• [Raw data]
= = = = =
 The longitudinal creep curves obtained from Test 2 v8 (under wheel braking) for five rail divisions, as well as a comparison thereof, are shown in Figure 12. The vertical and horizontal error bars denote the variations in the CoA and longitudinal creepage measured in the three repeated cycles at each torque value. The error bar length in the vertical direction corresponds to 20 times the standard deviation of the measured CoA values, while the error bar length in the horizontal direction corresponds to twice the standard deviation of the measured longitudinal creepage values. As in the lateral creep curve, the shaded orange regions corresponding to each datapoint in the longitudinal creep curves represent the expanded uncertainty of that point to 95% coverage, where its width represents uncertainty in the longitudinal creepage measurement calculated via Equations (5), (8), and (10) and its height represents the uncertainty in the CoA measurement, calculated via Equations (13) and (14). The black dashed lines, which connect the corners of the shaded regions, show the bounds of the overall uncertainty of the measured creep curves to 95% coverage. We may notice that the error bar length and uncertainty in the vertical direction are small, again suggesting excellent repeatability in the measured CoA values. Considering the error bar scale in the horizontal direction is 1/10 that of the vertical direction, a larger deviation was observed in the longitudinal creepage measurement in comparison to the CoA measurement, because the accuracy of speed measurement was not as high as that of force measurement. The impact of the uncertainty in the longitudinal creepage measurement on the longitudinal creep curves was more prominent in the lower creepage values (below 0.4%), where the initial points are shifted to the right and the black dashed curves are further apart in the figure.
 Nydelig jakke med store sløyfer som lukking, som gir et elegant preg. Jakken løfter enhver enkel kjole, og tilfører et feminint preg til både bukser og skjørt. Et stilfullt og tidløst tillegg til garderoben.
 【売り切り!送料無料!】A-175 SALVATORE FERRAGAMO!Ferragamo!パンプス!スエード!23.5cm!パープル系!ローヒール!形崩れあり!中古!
= = = = =
Exactly and only the lines from the one containing "Nydelig jakke med" through the end of the material are to be reproduced, both ends included.

• [Completed exercise]
 Nydelig jakke med store sløyfer som lukking, som gir et elegant preg. Jakken løfter enhver enkel kjole, og tilfører et feminint preg til både bukser og skjørt. Et stilfullt og tidløst tillegg til garderoben.
 【売り切り!送料無料!】A-175 SALVATORE FERRAGAMO!Ferragamo!パンプス!スエード!23.5cm!パープル系!ローヒール!形崩れあり!中古!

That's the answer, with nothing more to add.